Il fervore dei recenti dibattiti a livello mondiale su religione e libertà di espressione non mi trattiene dal voler sapere se il loro utilizzo di icone cristiane e cattoliche abbia un intento blasfemo e contestatario; questo aspetto del loro lavoro potrebbe, come accaduto, suscitare qualche polemica. Giovanna abbandona subito il lavoro all'uncinetto (questa "babbiona" non rinuncia ad uncinettare neanche durante la più amabile o ufficiale delle conversazioni, sappiatelo!) e mi spiega: "Noi non siamo cattoliche praticanti e non possiamo dirci atee, tuttavia ci piace sdrammatizzare e giocare con dei simboli che appartengono alle nostre radici, con uno spirito che richiama lo statement "Kill Your Idols" tipico della cultura rock". In effetti (mi chiedo) non è propriamente cristiano l'invito a liberarsi dalla schiavitù del bigottismo idolatrico? Nel frattempo Jessica prende al volo lo smartphone e mi mostra l'immagine di Padre Fluoh. Chi è Padre Fluoh? E' il titolo di un ritratto di Padre Pio da lei realizzato con una tecnica di ricamo chiamata 'piccolo punto', Padre Fluoh è ricco di colori accessi, alcuni fluorescenti (appunto). Jessica mi racconta: "mi sento libera di immaginarlo e realizzarlo così, Padre Fluoh, perchè alla base ci sono un mio profondo e sincero interesse per l'iconografia sacra, e una passione sfrenata per lo sfavillio cromatico dell'arte religiosa messicana, nessuno al mondo ritiene che pittori e decoratori messicani ridicolizzino la religione". Penso (tra me e me) alla dedizione e al tempo speso da Jessica in un lavoro che richiede una precisione certosina, e mi chiedo se il suo ricamo sia davvero da considerare una derisione ai limiti della blasfemìa o non sia stato, piuttosto, un vero e proprio esercizio spirituale; e infine, chi siamo noi per giudicare un creativo in merito alla scelta dei colori?
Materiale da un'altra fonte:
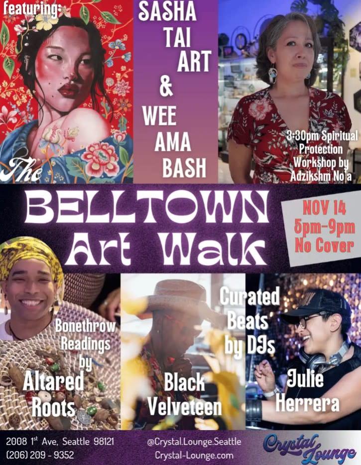 Join for our NO COVER Belltown Art Walk event. Get your groove on with renowned local DJs, Julie Herrera & Black Velveteen, featured artists, Sasha Tai & Wee Ama Bash. Boost your wellness with Healers, Crystals, & Classes. Shop, Dance, and Heal.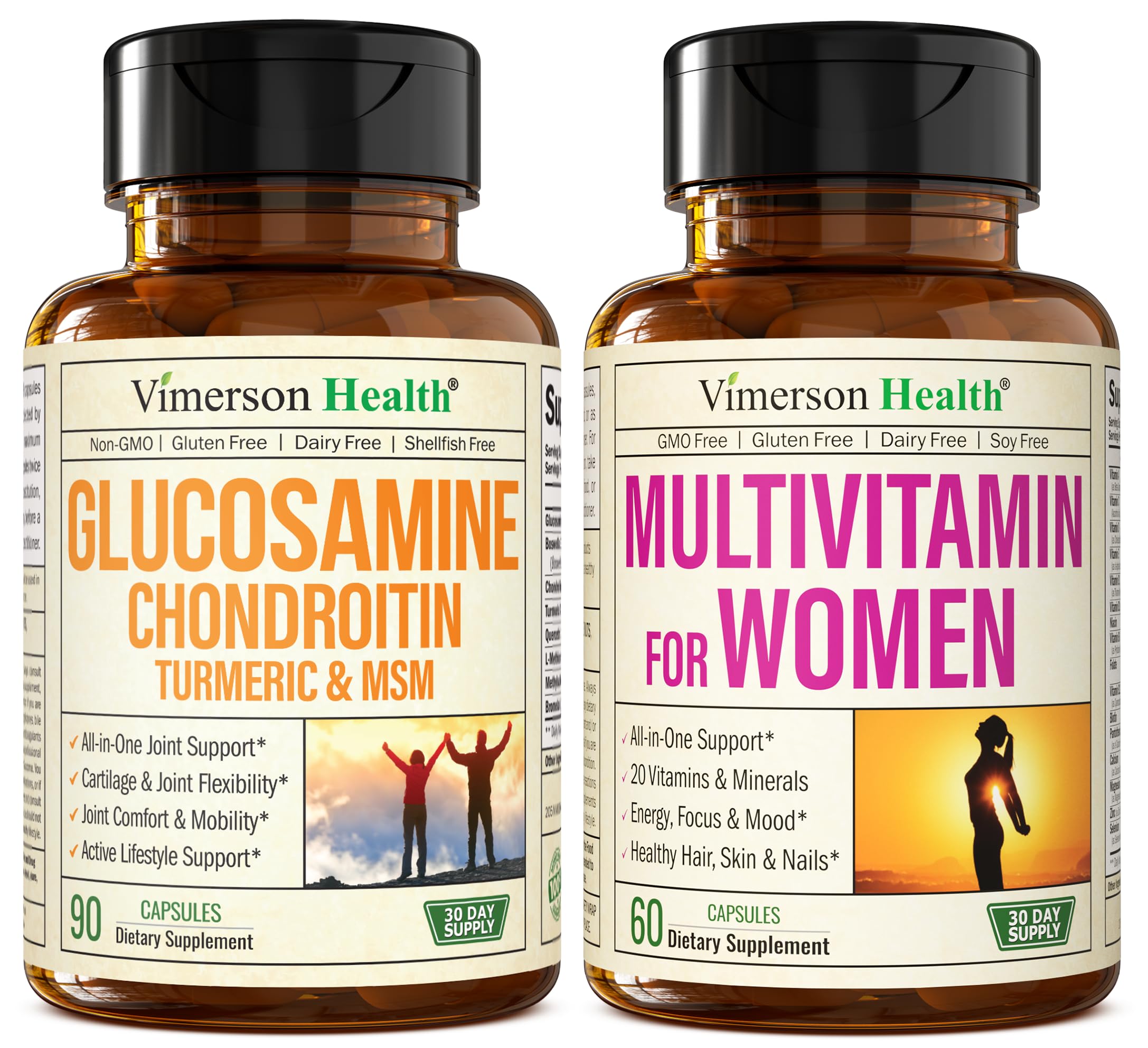 Glucosamine Chondroitin Turmeric + Multivitamin for Women 2-Bottle Supplement Bundle for Her. Healthy Immune Response Joint Support Antioxidant Properties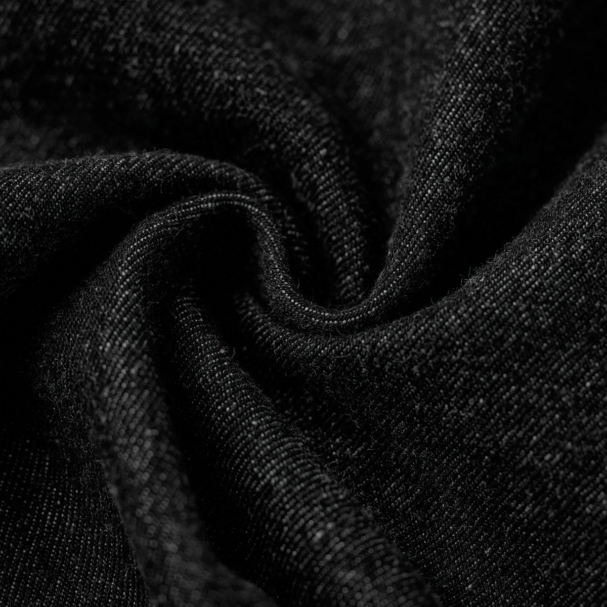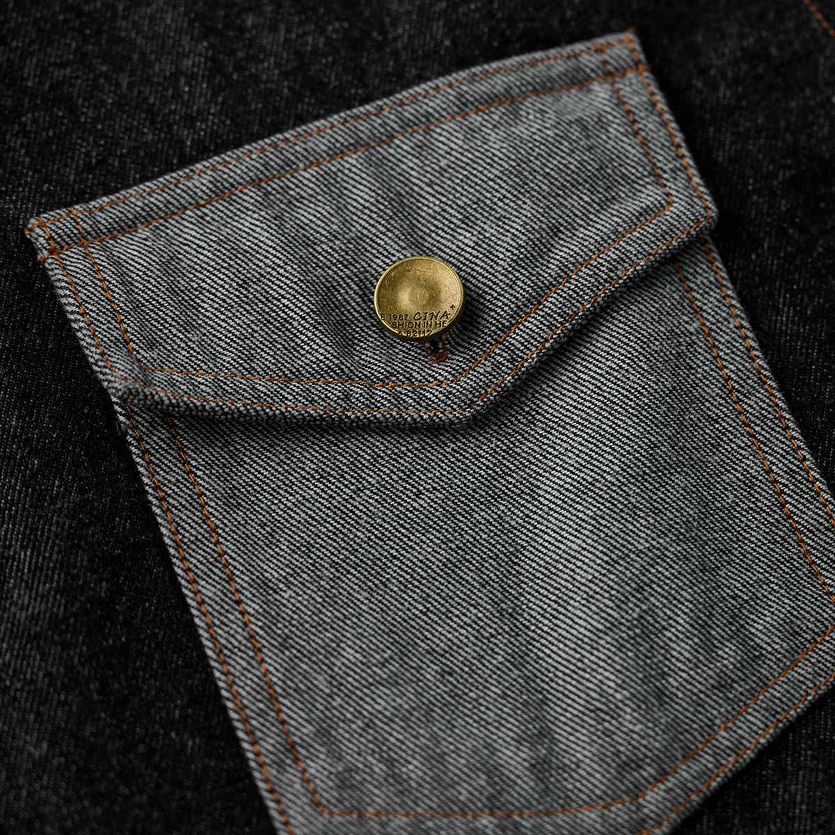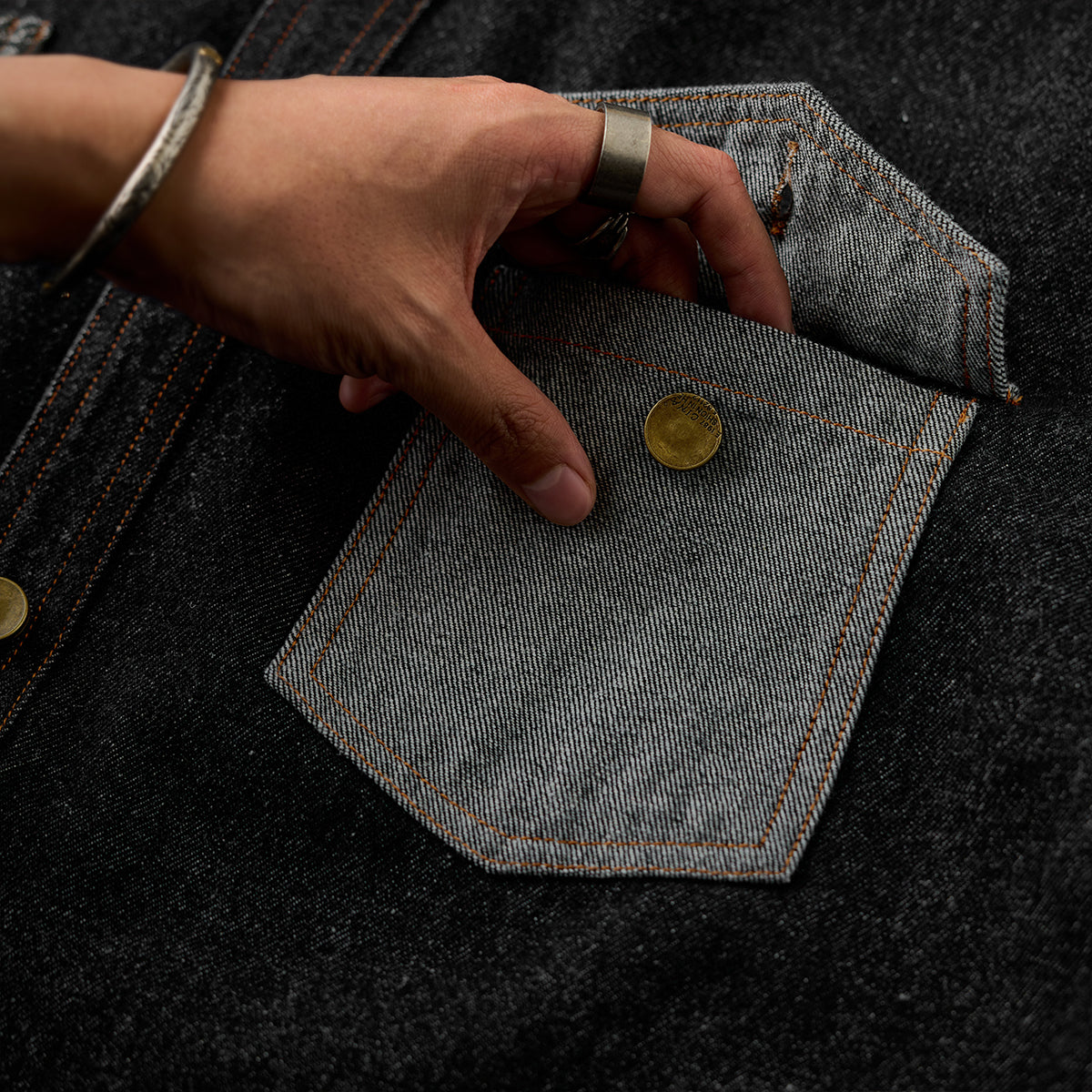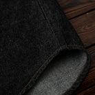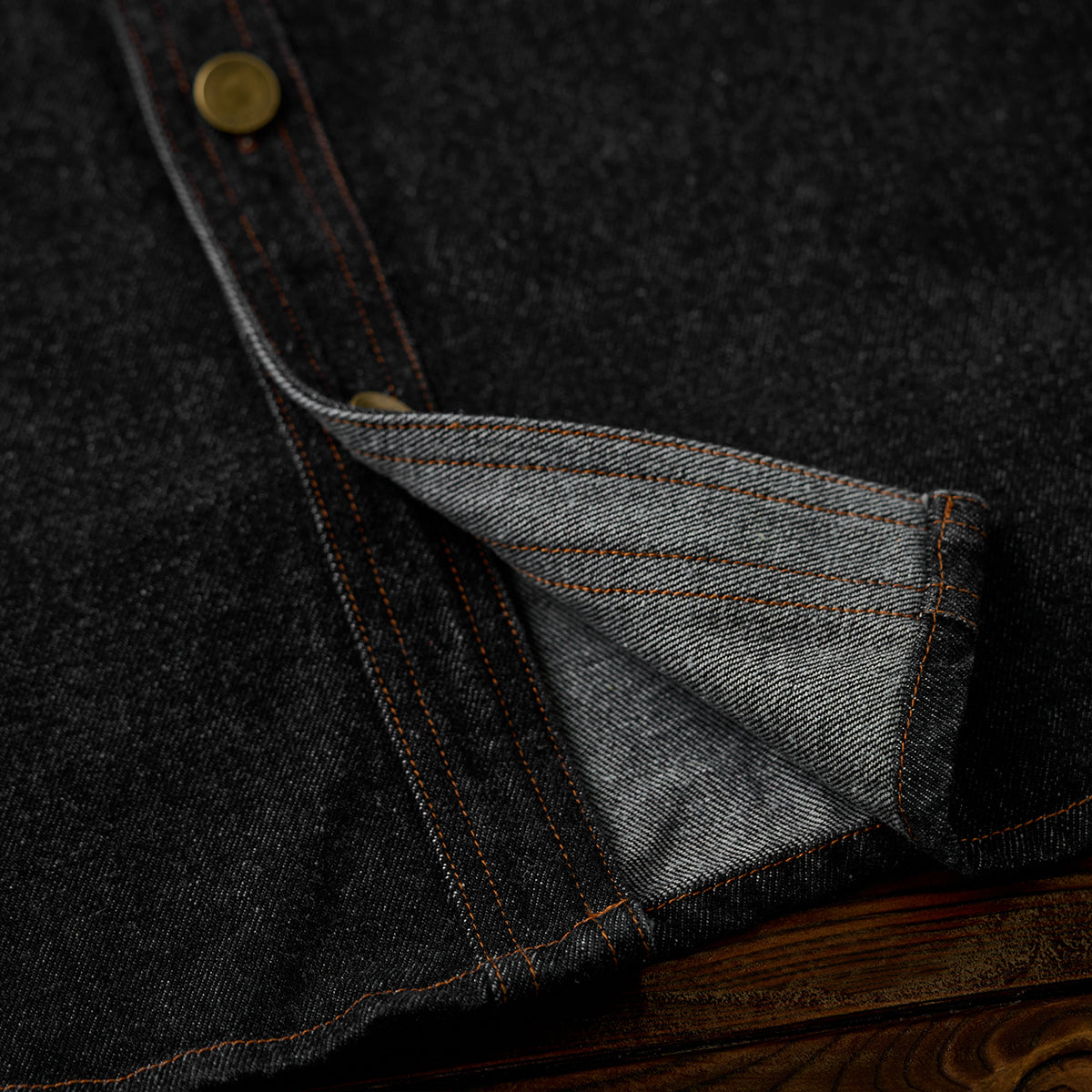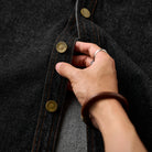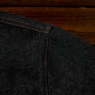 ステッチは明るいブラウン系で、ブラックデニムとのコントラストが目立ちます。ボタン部分は金属製で、無骨なアクセントをプラスしています。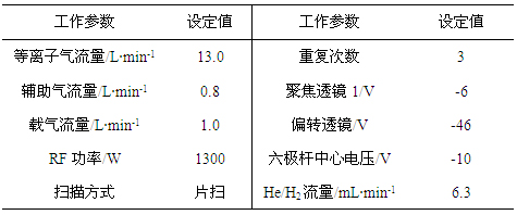 表2.碰撞反應(yīng)模式下儀器工作參數(shù)

Passiamo a qualche considerazione sulle implicazioni economiche e sociali del fenomeno. Le "babbione" virtualmente si fanno conoscere attraverso il loro sito www.bbbz.it e la loro pagina Facebook che in poco tempo ha raggiunto un pubblico importante; la loro presenza sui social-network può avere carattere commerciale puramente indiretto, è, piuttosto, punto di riferimento di una comunità che si riconosce nell'identità "babbionica". Uno dei frutti più significativi del loro rapporto con i mezzi multimediali è il videoclip musicale "Hello Babbionz!" (ben fatto e molto divertente, guardatelo!) con cui si presentano alla massa; mi dicono che è stata, finora, l'esperienza più bella fatta insieme e ha avuto l'effetto di saldare l'unità del loro collettivo. Commercialmente si propongono attraverso due importanti piattaforme: "A Little Market" e "Etsy", ed è così che la loro clientela è diventata internazionale; le nostre ragazze spediscono negli Stati Uniti, in Francia, Inghilterra, Hong Kong, Lussemburgo... e anche in Italia. Non contente, le quattro puntano ad essere presenti e visibili in carne ed ossa sia in Abruzzo, organizzando eventi e "workshop" per trasmettere ai profani la loro sapienza artigiana, e partecipando a fiere dedicate all'Artigianato in tutta Italia. Data l'ambivalenza tra l'internazionalità del loro mercato e le attività che le vogliono impegnate in Abruzzo chiedo se si sentano più "Global" o più "Local".
Prontamente risponde Valentina: "Noi crediamo che oggi, grazie a Internet, quindi al respiro globale della propria azione, si possa stare al centro di un movimento culturale anche vivendo fuori da Londra o Berlino, anzi, che la stretta relazione col territorio possa darti un valore aggiunto in termini di identità e autenticità. Noi consideriamo una ricchezza, le nostre origini, il nostro terristorio e il nostro dialetto. "Are you ready for the country?", diceva Neil Young, "because it's time to go".  
Bene. E concludo: "are you ready for The Babbionz?"; le troverete a La Designeria (Via D'Annunzio, Pescara) il 31 gennaio per il loro nuovo "workshop", su prenotazione (per cortesia).